*** DATA EXTRACT ***

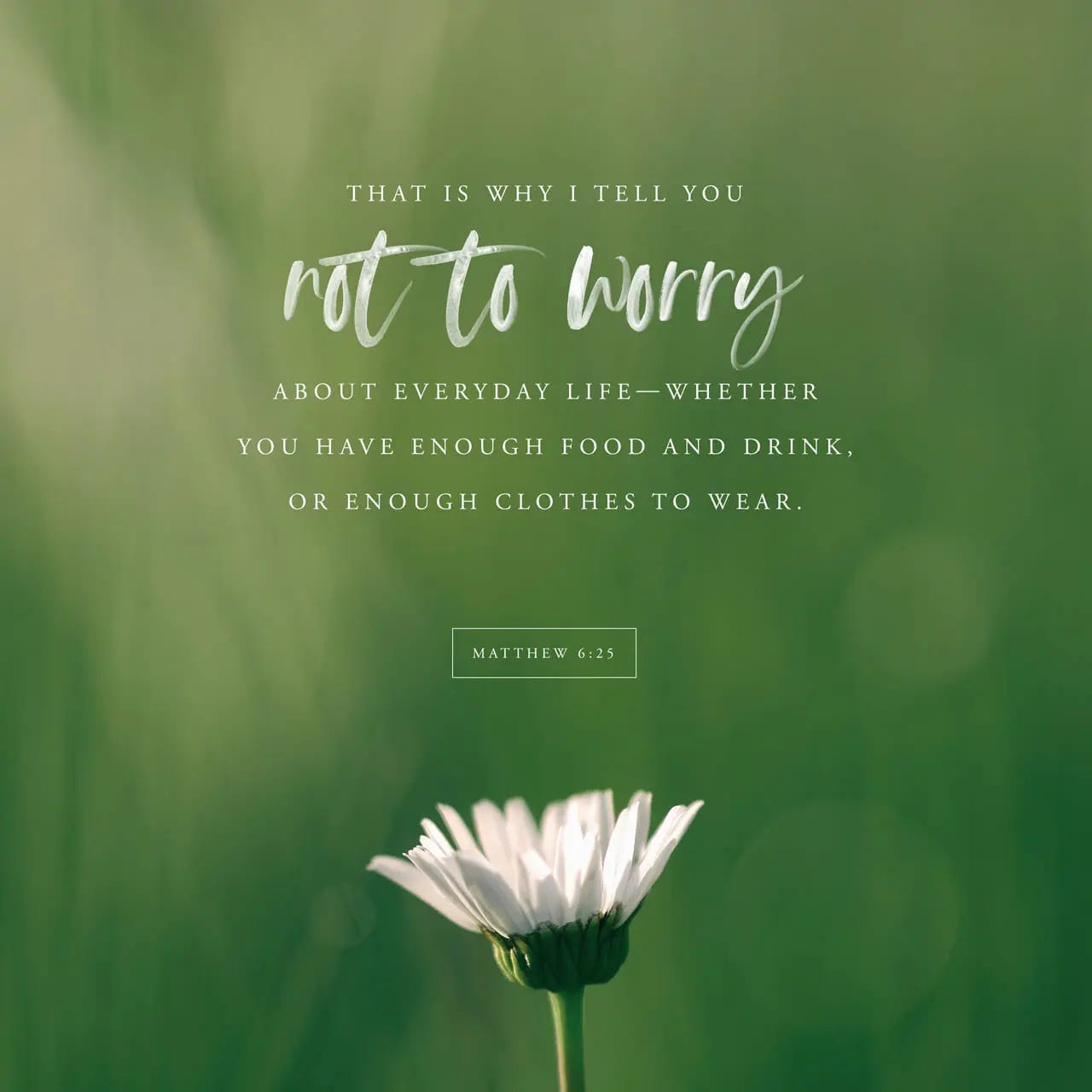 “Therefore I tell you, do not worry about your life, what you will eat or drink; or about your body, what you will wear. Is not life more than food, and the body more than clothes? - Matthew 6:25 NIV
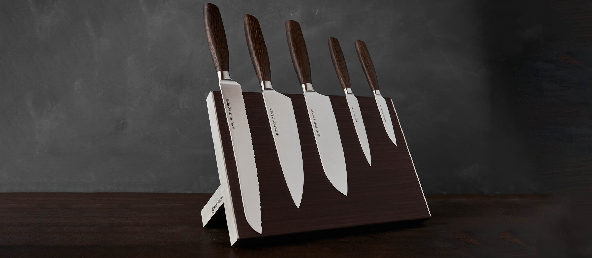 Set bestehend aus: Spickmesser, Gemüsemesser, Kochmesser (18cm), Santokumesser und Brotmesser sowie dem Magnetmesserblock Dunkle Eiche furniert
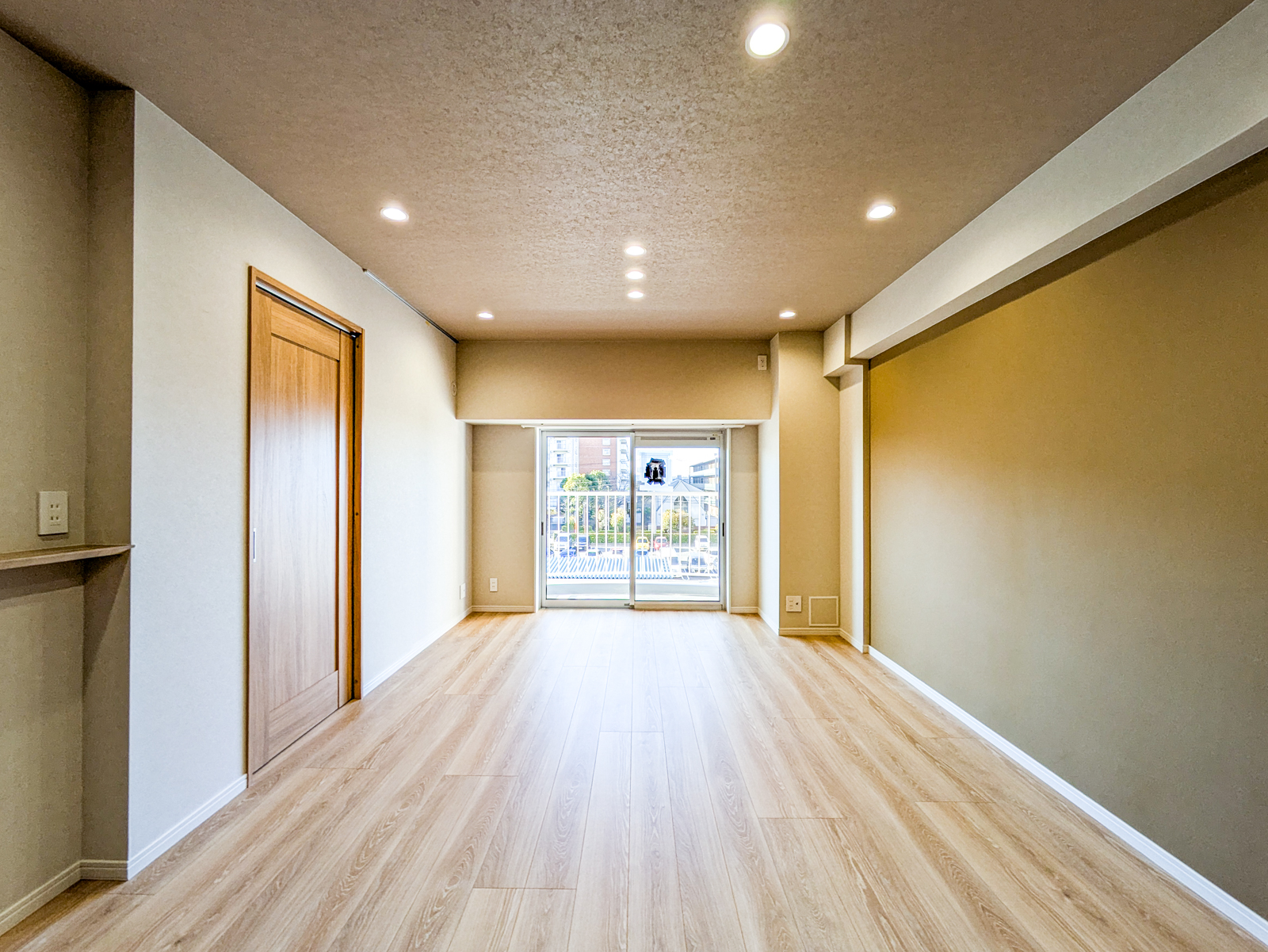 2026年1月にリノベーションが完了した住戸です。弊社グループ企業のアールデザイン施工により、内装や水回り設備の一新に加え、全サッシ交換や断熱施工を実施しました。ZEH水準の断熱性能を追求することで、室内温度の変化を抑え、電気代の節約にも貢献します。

***
*** DATA EXTRACT ***

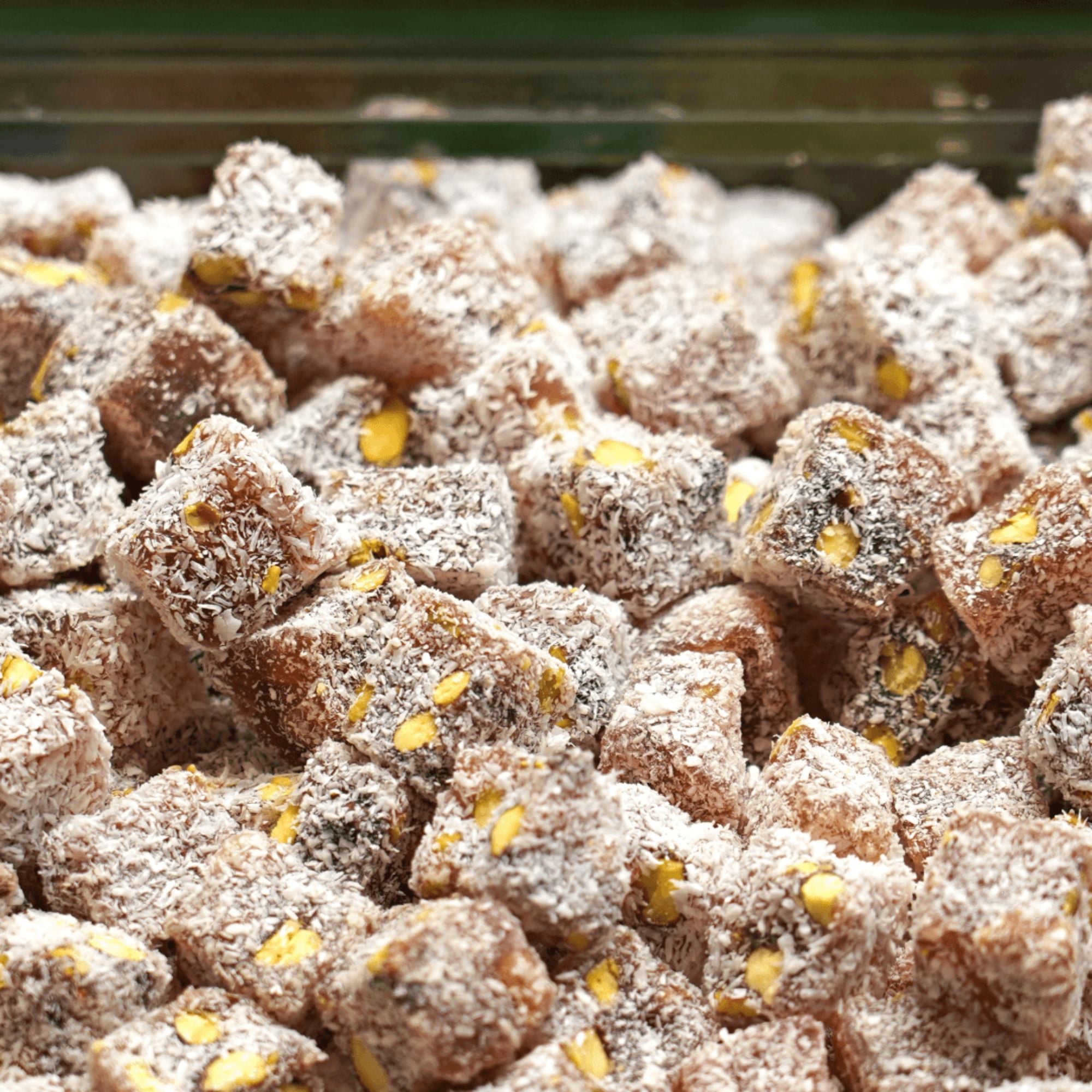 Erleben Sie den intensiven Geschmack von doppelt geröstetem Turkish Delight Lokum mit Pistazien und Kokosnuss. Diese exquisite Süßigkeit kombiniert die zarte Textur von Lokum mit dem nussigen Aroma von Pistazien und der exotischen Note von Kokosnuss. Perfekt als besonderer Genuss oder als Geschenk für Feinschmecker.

***
*** DATA EXTRACT ***

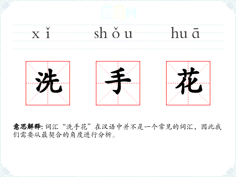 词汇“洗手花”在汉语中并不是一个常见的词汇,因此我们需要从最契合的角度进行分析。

***

→ TO DO
Transcribe, word for word, the lines of the listing above from the one that contains "Matthew 6:25 NIV" through the one that contains "Set bestehend aus: Spickmesser, Gemüsemesser, Kochmesser", keeping both ends and dropping the pictures.

→ RESULT
 “Therefore I tell you, do not worry about your life, what you will eat or drink; or about your body, what you will wear. Is not life more than food, and the body more than clothes? - Matthew 6:25 NIV
 Set bestehend aus: Spickmesser, Gemüsemesser, Kochmesser (18cm), Santokumesser und Brotmesser sowie dem Magnetmesserblock Dunkle Eiche furniert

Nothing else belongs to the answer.